> [EXERCISE DESCRIPTION] Every line from the line containing "Neurotransmitters and Hormones" through the end of the data is to be reproduced exactly, excluding pictures.
------ INPUT RECORDS ------
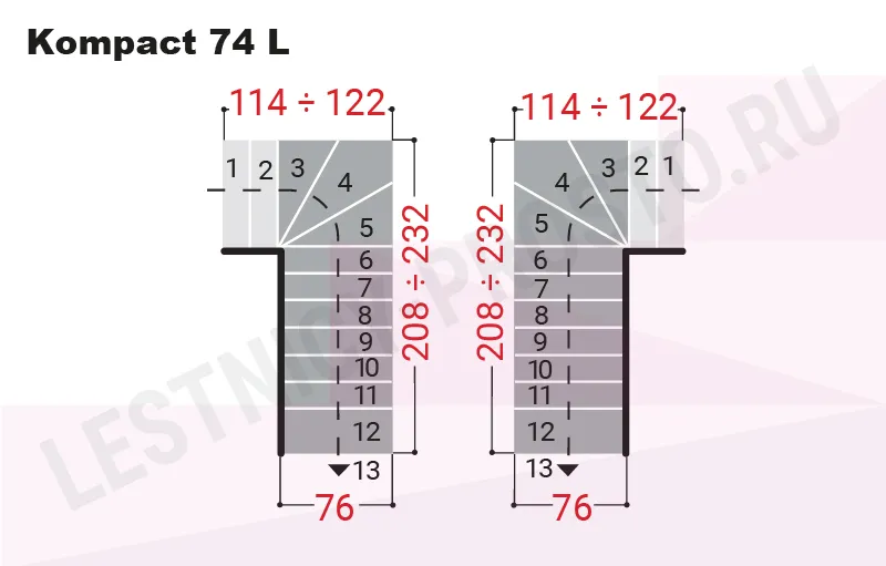 Модульная лестница Kompact 74 Г-образная
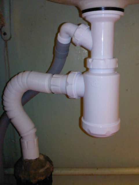 Организация слива в канализацию: для этого демонтируем старый сифон из под раковины, затем устанавливаем на его место новый сифон Jimten, у которого есть специальный отвод для подключения сливного шланга. Далее подсоединяем к сифону гофру и сливной шланг от стиральной машины, в живую, это выглядит примерно вот так.
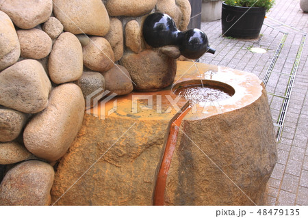 有馬温泉のレトロな町並み 湯けむり広場の噴水と河童像
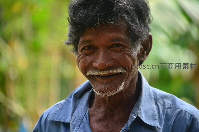 一位留着花白胡须的男子在绿意盎然的背景下开心微笑,阳光洒在他的脸上,展现出自然与生命的活力。
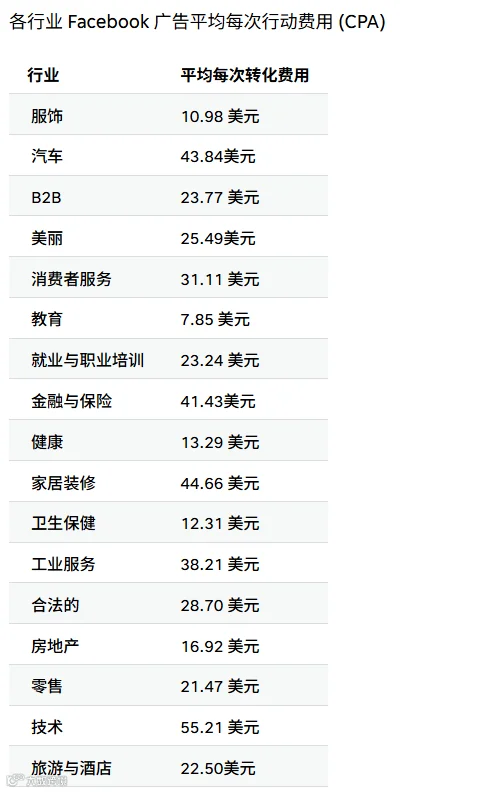 所有行业的 Facebook 广告平均每次行动费用 (CPA) 为 18.68 美元,其中较低的主要有教育,低于$7.85 这个有可能指的的是一个注册成本或者提交leads的成本, 服饰类的CPA是在$10.98,零售的为$21.47,这个也是只能作为一个参考,因为这个转化成本不一定是购买, 看你的广告目标设置的是什么,这个是购买, 发起结账, 加购, 提交表单, 收集leads等转化目标的的平均CPA[k]。
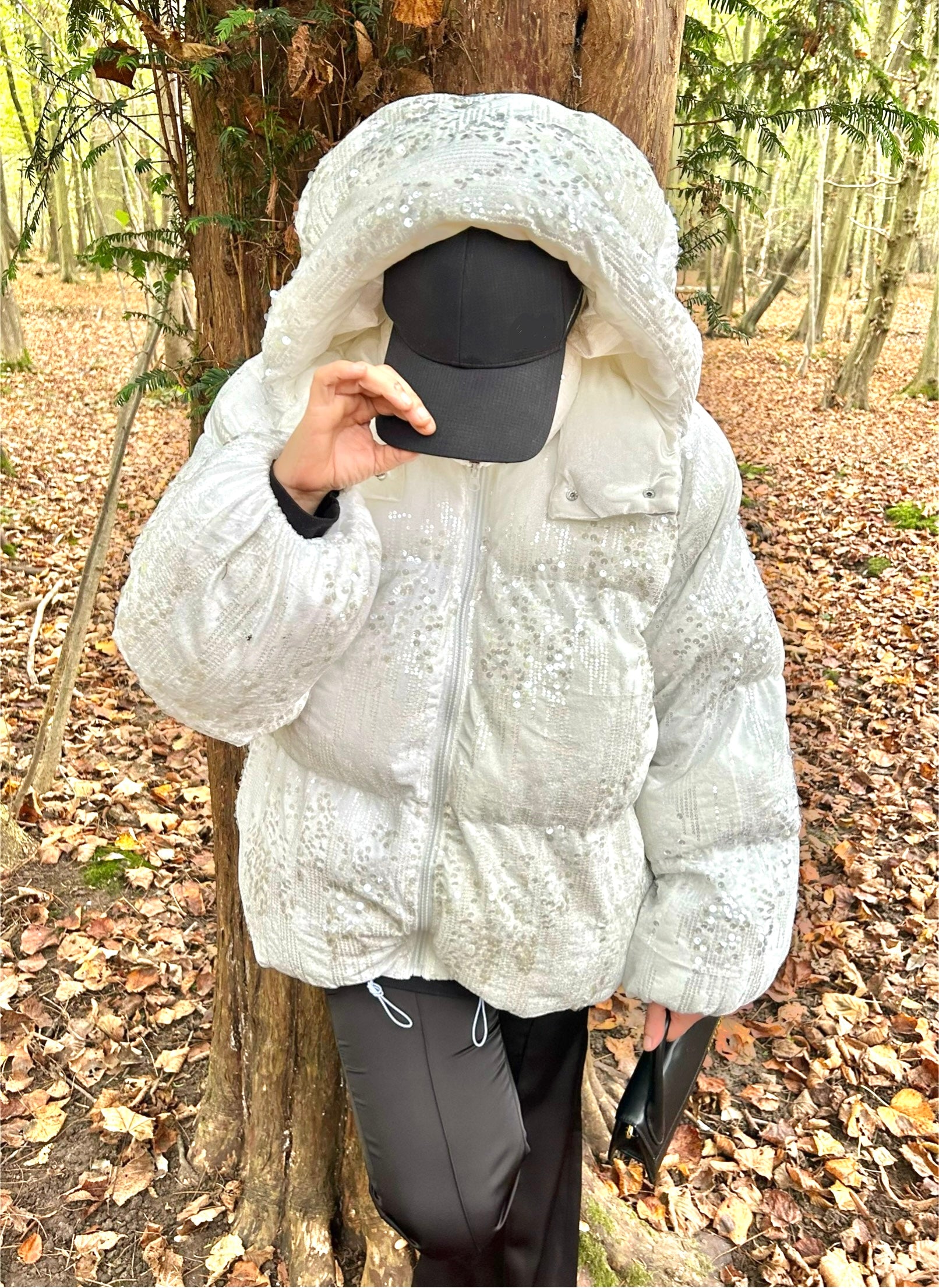 Manteau pailleté en tissu et très chaude. Idéal pour les hivers froids.
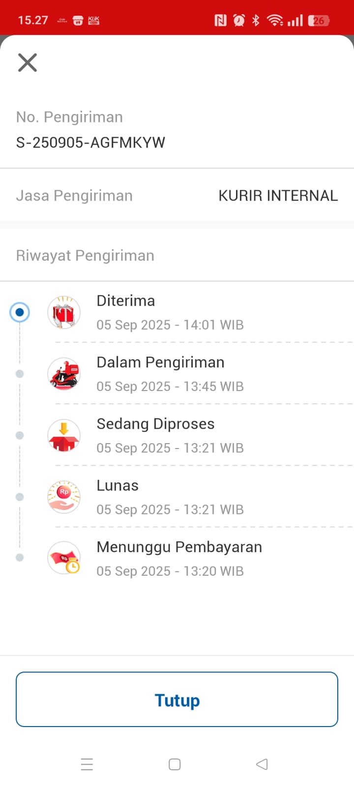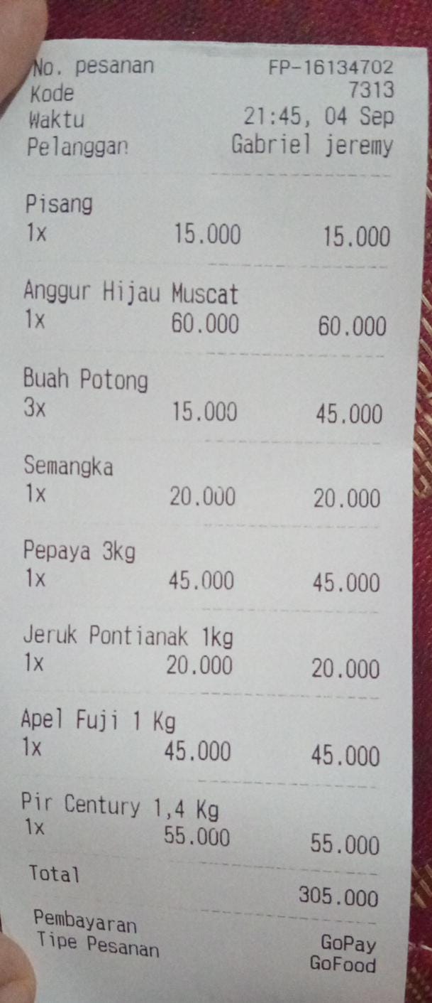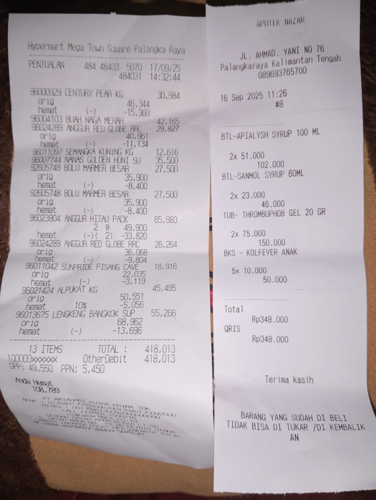 Dana digunakan untuk 1. Buah Rp300.000 2. THROMBOPHOB Gel Rp75.000x 2 =Rp 150.000 3. Kolfiver Rp10.000 x 5=. Rp50.000 4. Sanmol sirup Rp25.000 x2= Rp50.000 5. Apialysh sirup Rp51.000 x 2= Rp102.0002025-09-17 13:50:03
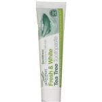 Ervaar de krachtige werking van Tea tree olie, in combinatie met Aloe Vera, Co-Q10 en paardenkastanje, met Australian Tea Tree Tandpasta Fresh & White. Deze tandpasta verwijdert niet alleen tandplak en remt bacteriën, maar het helpt ook bij het voorkomen van tandvleesontsteking en zweertjes in de mond. En het beste van alles? De enige aroma gebruikt in deze tandpasta is natuurlijke pepermuntolie.
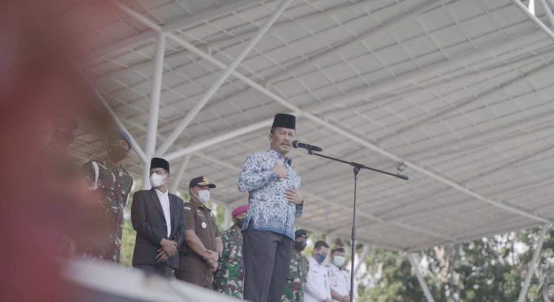 Wali Kota Batam ,HM Rudi ,memimpin Upacara 17 Hari Bulan tingkat Kota Batam ,di Dataran Engku Putri, Kamis (17/3/2022). foto (pk)
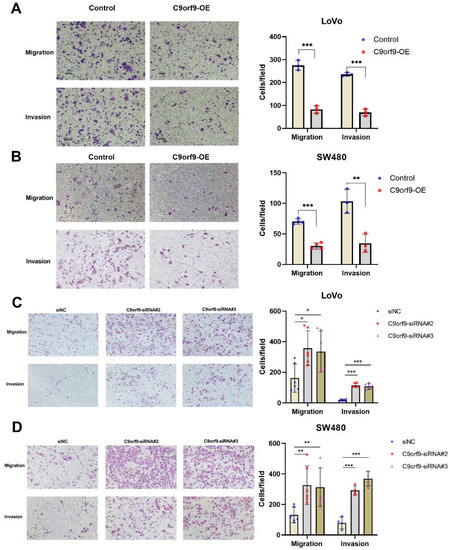 C9orf9 regulates LoVo and SW480 cell migration and invasion capacity. Transwell assays (Matrigel-free) or Transwell invasion assays (coated with Matrigel) were performed, respectively, in control and C9orf9-overexpression LoVo (A) and SW480 (B) cells. (C). Cell migration and invasion assays in control and C9orf9-knockdown LoVo cells. (D). Cell migration and invasion assays in control and C9orf9-knockdown SW480 cells. * p < 0.05, ** p < 0.01, *** p < 0.001.
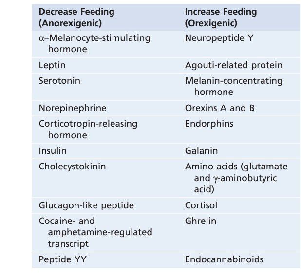 Neurotransmitters and Hormones That Influence Feeding and Satiety Centers in the Hypothalamus
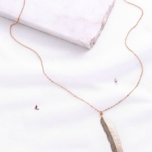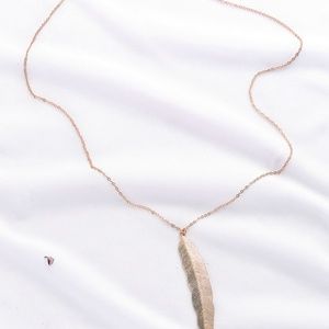 Gold feather pendant necklace. Pendant length 2 3/8". Satin gold tone. Chain length 24"
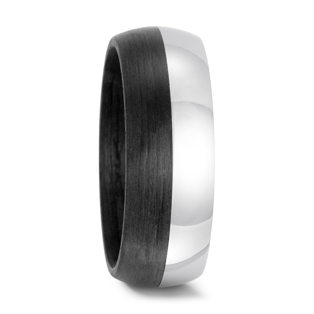 Moderner Herren Fingerring aus widerstandsfähigem Wolfram mit einer eleganten Carbon-Einlage. Die Kombination aus glänzendem Wolfram und mattem Carbon verleiht dem Ring eine markante, maskuline Optik. Hautfreundlich und besonders langlebig – ein echtes Statement am Finger.
------
> [TASK ANSWER]
 Neurotransmitters and Hormones That Influence Feeding and Satiety Centers in the Hypothalamus
 Gold feather pendant necklace. Pendant length 2 3/8". Satin gold tone. Chain length 24"
 Moderner Herren Fingerring aus widerstandsfähigem Wolfram mit einer eleganten Carbon-Einlage. Die Kombination aus glänzendem Wolfram und mattem Carbon verleiht dem Ring eine markante, maskuline Optik. Hautfreundlich und besonders langlebig – ein echtes Statement am Finger.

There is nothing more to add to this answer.